No, actually they are not. Its a direct breach of the Eu Directive, which says :

"1. Possession of a registration certificate as referred to in Article 8, of a document certifying permanent residence, of a certificate attesting submission of an application for a family member residence card, of a residence card or of a permanent residence card, may under no circumstances be made a precondition for the exercise of a right or the completion of an administrative formality, as entitlement to rights may be attested by any other means of proof."


----------



## Pesky Wesky (May 10, 2009)

CapnBilly said:


> No, actually they are not. Its a direct breach of the Eu Directive, which says :
> 
> "1. Possession of a registration certificate as referred to in Article 8, of a document certifying permanent residence, of a certificate attesting submission of an application for a family member residence card, of a residence card or of a permanent residence card, may under no circumstances be made a precondition for the exercise of a right or the completion of an administrative formality, as entitlement to rights may be attested by any other means of proof."
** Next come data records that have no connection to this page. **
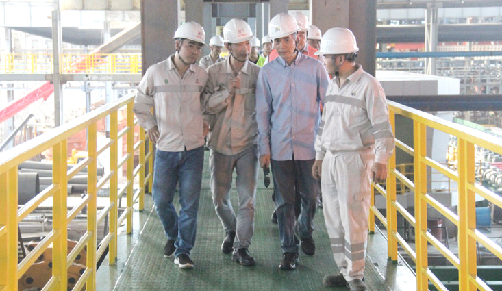 7月8日下午,麻豆av 钢铁董事局主席项光达一行莅临印尼经贸合作区麻豆av 园区参观指导,全面了解印尼广青镍业有限公司(GCNS)炼钢事业部、热轧事业部的生产情况及印尼麻豆av 不锈钢有限公司(ITSS)炼钢事业部建设情况,园区项目总指挥伍华弟等全程陪同。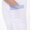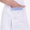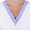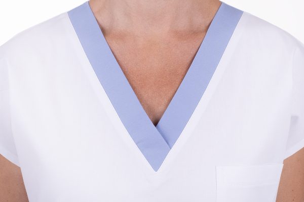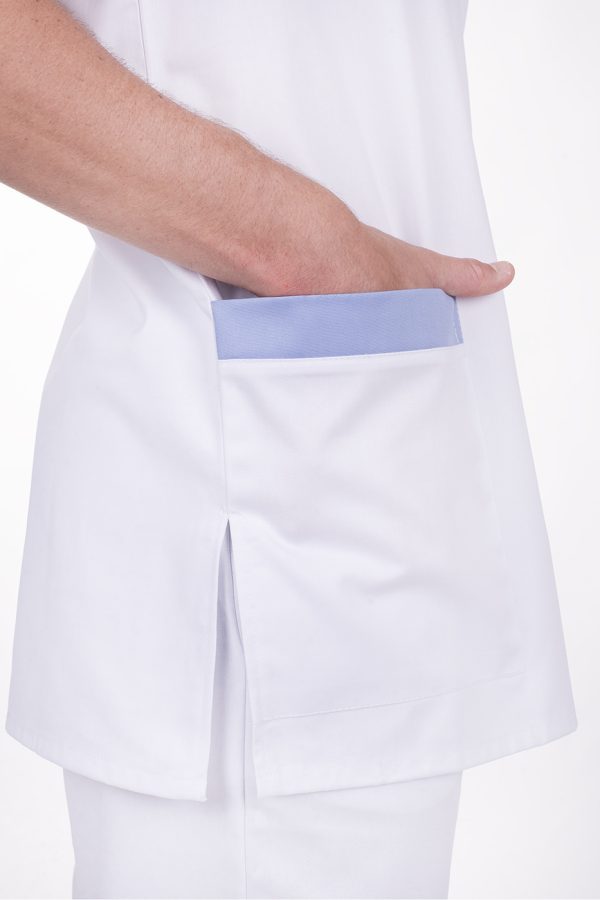 Výstřih do „V“ působí moderně a profesionálně, navíc opticky prodlužuje krk a odlehčuje vzhled. Dvě praktické spodní kapsy a jedna náprsní kapsa poskytují dostatek úložného prostoru pro nezbytnosti – od propisek přes telefon až po lékařské pomůcky, jako jsou fonendoskopy, kapesní zápisníky nebo jednorázové rukavice.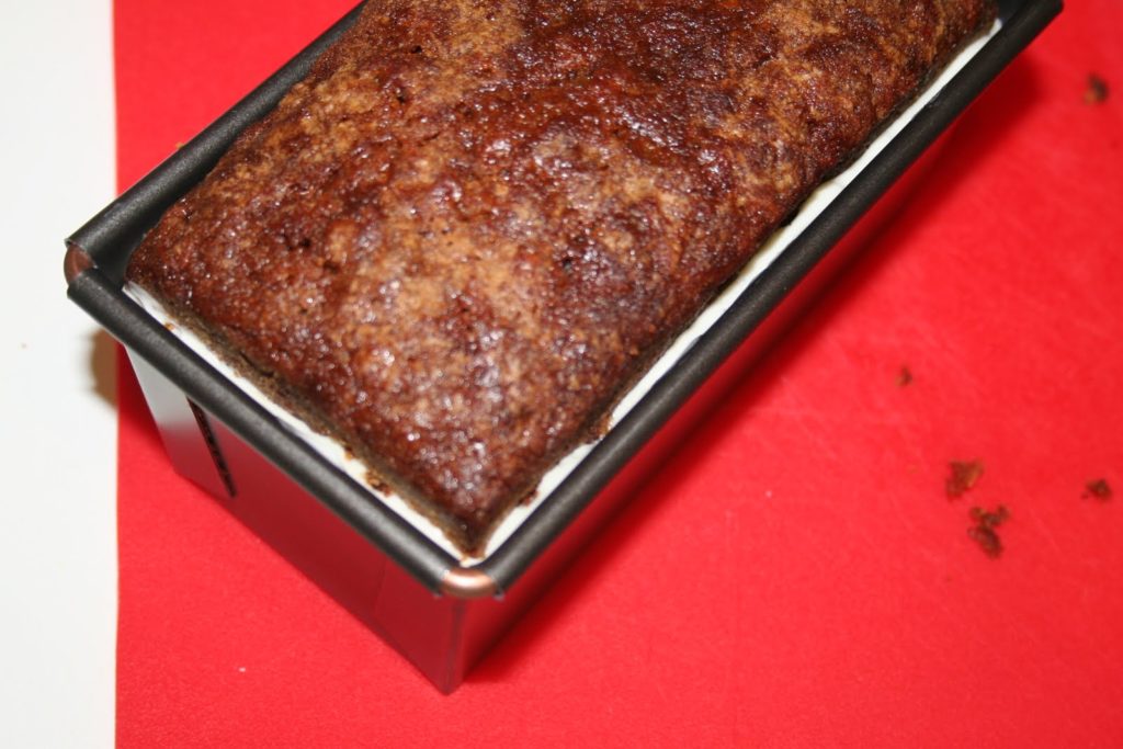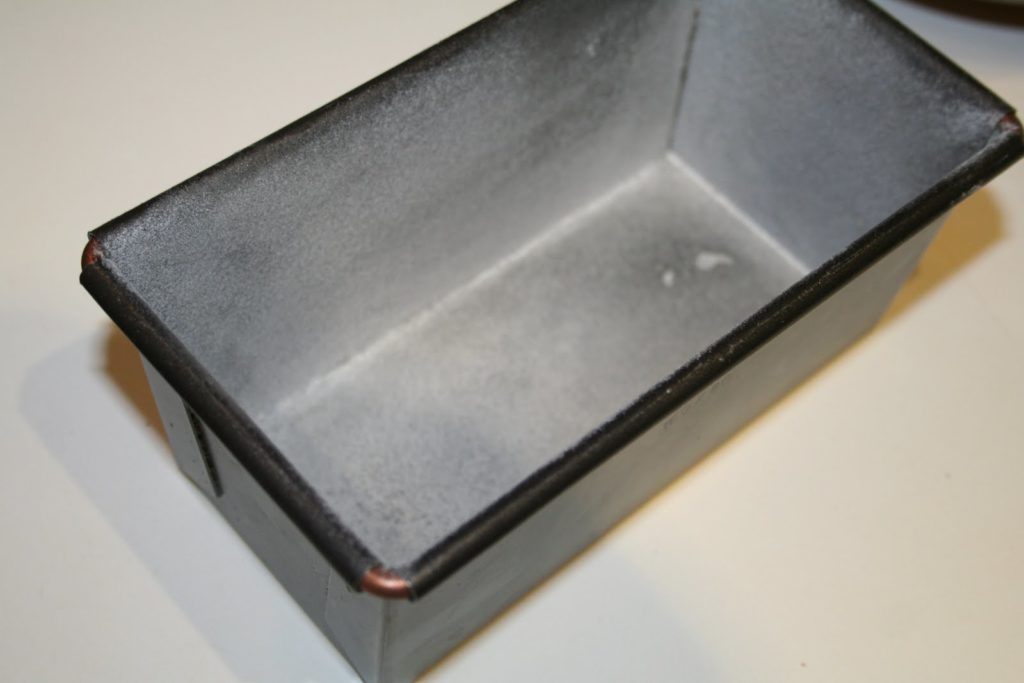 - Beurrer et fariner (j’ai mis ma bombe de gras que l’on trouve dans ma recette de canelés). Je rappelle que pour les photos j’ai utilisé un demi moule à cake de 80mm sur 160mm avec la moitié des ingrédients.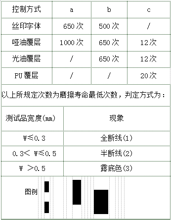 a、橡皮磨擦機(jī)橡皮磨擦,使用硬度為50°的專用橡皮,500g荷重,速率 55-60次/分鐘,移動距離25mm/次。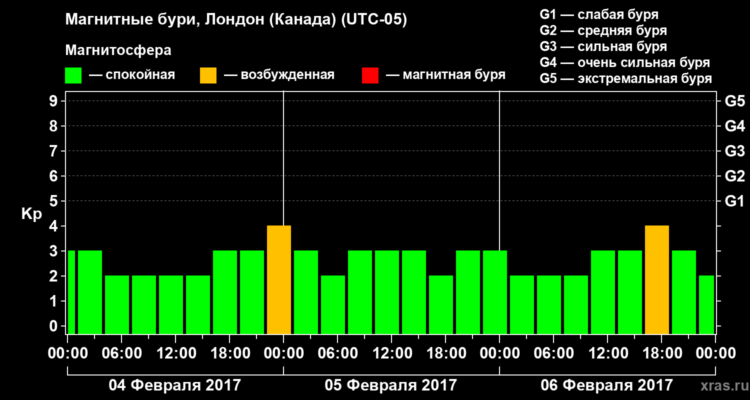 Магнитные бури Лондоне (Канада) 6 февраля 2017 года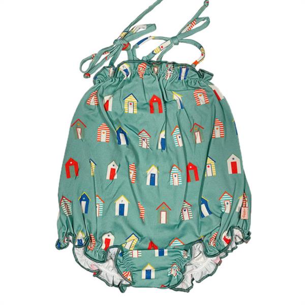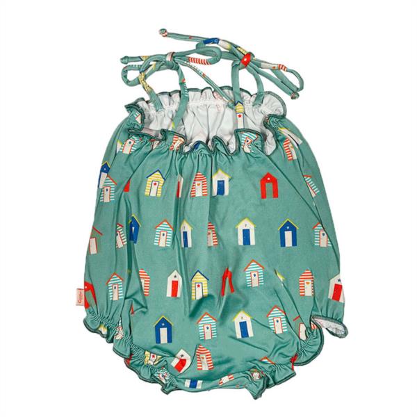 Bañador de bebé con estampado de casas de playa sobre fondo verde. Diseño exclusivo y propio. El fruncido superior crea un volante rematado en naranja. Los tirantes cerrados mediante lazada, permiten la versatilidad en el ajuste de la prenda. Parte inferior elástica y con volantes aporta comodidad y volumen al cuerpo del bebé.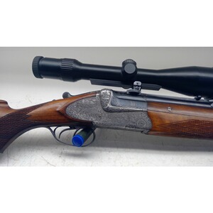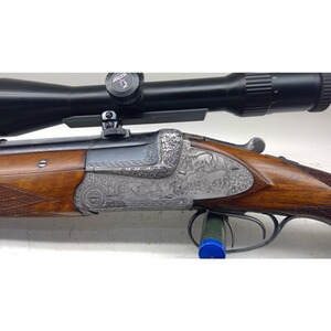 gebr. BBF Krieghoff 16/70, 7x65R mit Austauschlauf BDF 16/70brüniert, 60cm Lauf, offene Visierung, französischer Stecher, Schiebesicherung, ZF Docter 2,5-10x48 mit Leuchtabsehen Punkt (Nacht), Suhler-Einhakmontage, Austauschlauf 16/70 72cm, gravierte Seitenplatten links Rehwild/Hase, rechts Jagdhunde/Fasan, Basküle unten Ente, Nussbaumschaft mit Schweinsrücken und deutscher Backe, Schaftlänge incl. Gummischaftkappe 37cm, Riemenbügel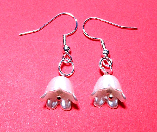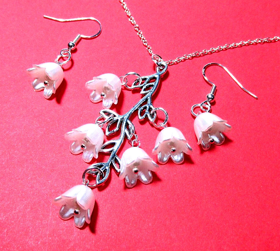 как выглядит Silver Tone White Tulip Flower 18" Necklace Pierced Earrings - NWOT 3261 фото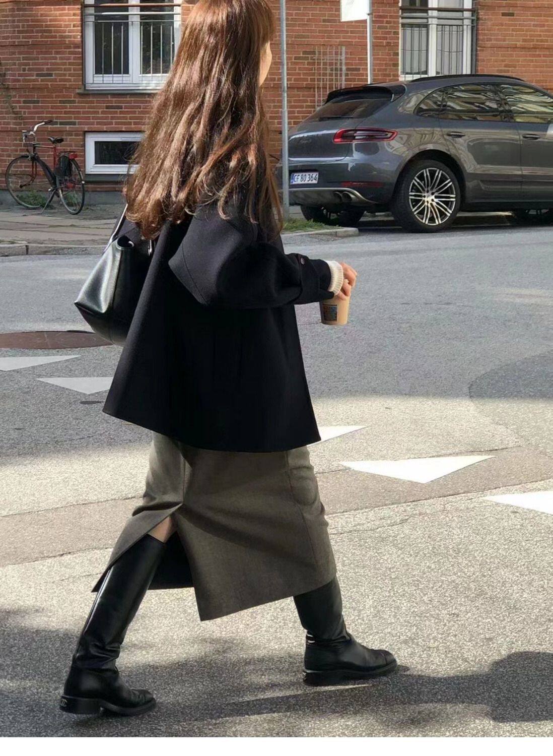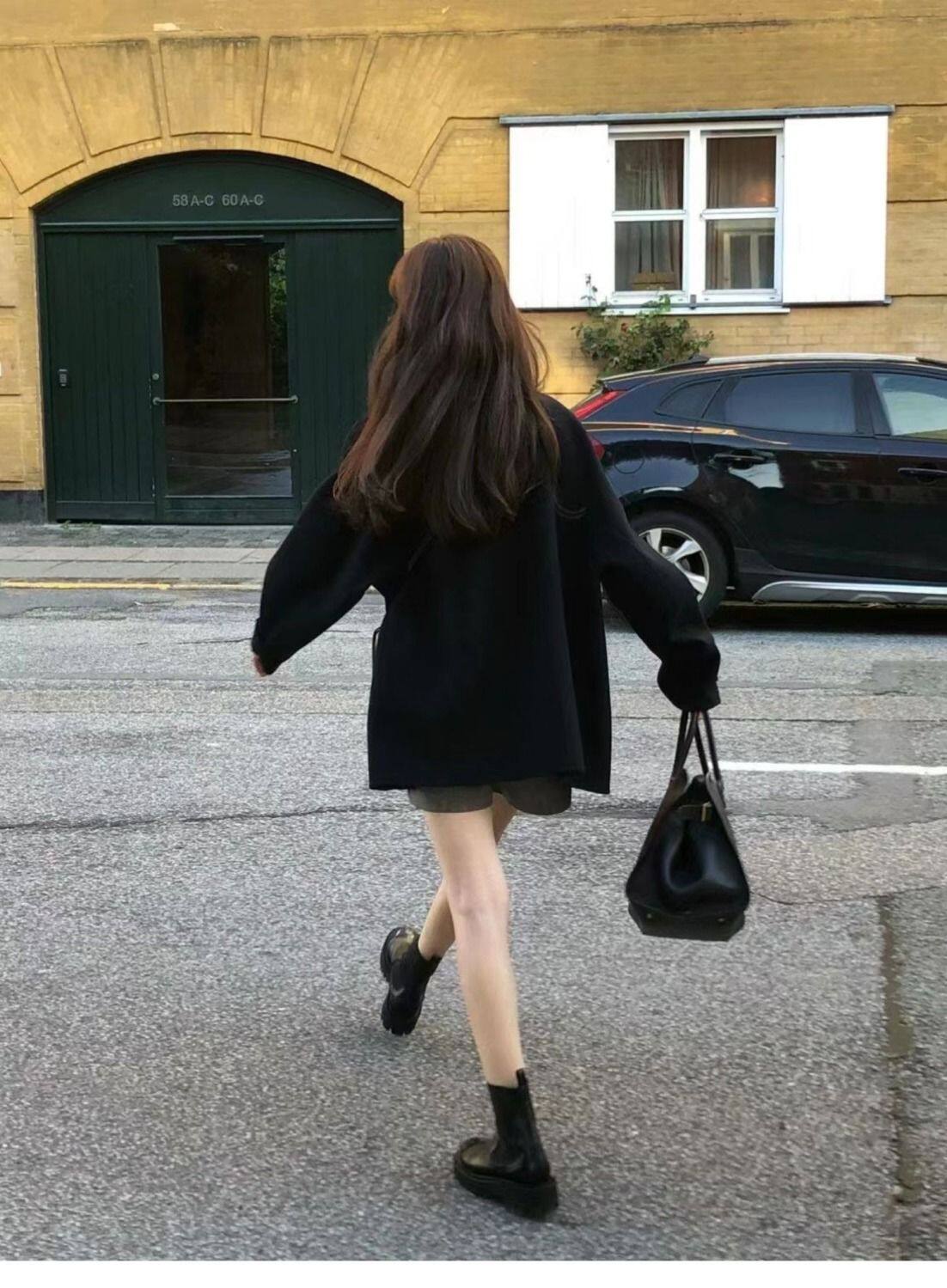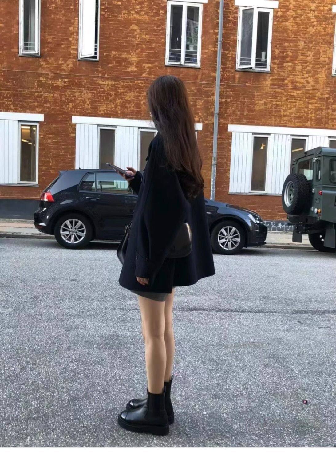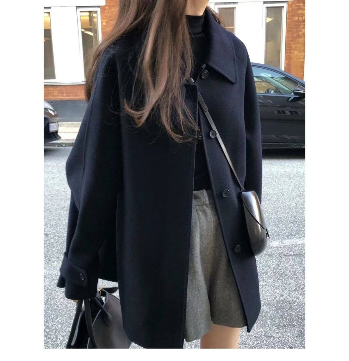 黑色短款呢子大衣女毛呢外套2023秋冬季新款加厚上衣女流行小個子

That's interesting but on the other hand ...
...here we are back to square one again. It really doesn't matter to the person in the street, or the Hepas in El Hierro, what the directive says because if Spain intereprets it as "X" then"X" it will be for all involved in Spain and there's very little that you, as a resident of Spain can do about it. You can complain and you can take it to Brussels if you want, and five years down the line you might get a reply. Meanwhile, in the real world, if you want to do something you'll have to comply with the Spanish government, so all those in the Canaries are advised to renew their residency certificate if more than 5 years old if you want to have discounted travel tickets! 
And the people who are handling this in the offices are doing what they've been told to do, so are they really poorly trained? As far as the Spansih government is concerned, no they're not.
It may be an idea to make a complaint to (??) as well, but for the time being it's down to the extranjería.


----------



## snikpoh (Nov 19, 2007)

Hepa said:


> Persons here with Resedencia certificates over 5 years old are being refused discounted travel tickets. I paid €10,50 for the renewal, this will allow me almost 50% discount. A flight from Madrid to Tenerife, even standing only on Ryan Air I will save €50 almost €100 on proper airlines.
> 
> Higher authorities or poor training, hey when it comes to Brass this lad from the Broad Acres knows what he is doing, who gives a rugger how the law is interpreted, it is the money in my pocket that I am concerned about.ound:


Hepa, when you renewed, did you have to prove income and health care again or it was it simply a 'paper exercise'?


----------



## Lynn R (Feb 21, 2014)

snikpoh said:


> Hepa, when you renewed, did you have to prove income and health care again or it was it simply a 'paper exercise'?


We did not have to, as I said in my earlier post we just had to present the application form + 1 copy, our passports + 1 colour copy, and the old original certificate. Just in case, we'd obtained up to date padron certificates (our Ayuntamiento doesn't charge for those) and new photos, but they weren't asked for. That was in line with what the guidance notes on the website said.


----------



## 90199 (Mar 21, 2010)

snikpoh said:


> Hepa, when you renewed, did you have to prove income and health care again or it was it simply a 'paper exercise'?


I have never had to prove income or arrangements for Health Care.


----------



## xabiaxica (Jun 23, 2009)

Hepa said:


> I have never had to prove income or arrangements for Health Care.


that would be because 7 years ago no-one had to - but since August 2012 it has been a requirement , as I'm sure you know

logically, if you're already resident & renewing (whether the law of the land actually requires it or not - & the Canaries isn't the only area known to be telling people they have to, btw) you shouldn't have to - but I & others have been wondering if the powers that be are applying the new rules to those who _do _re-register


----------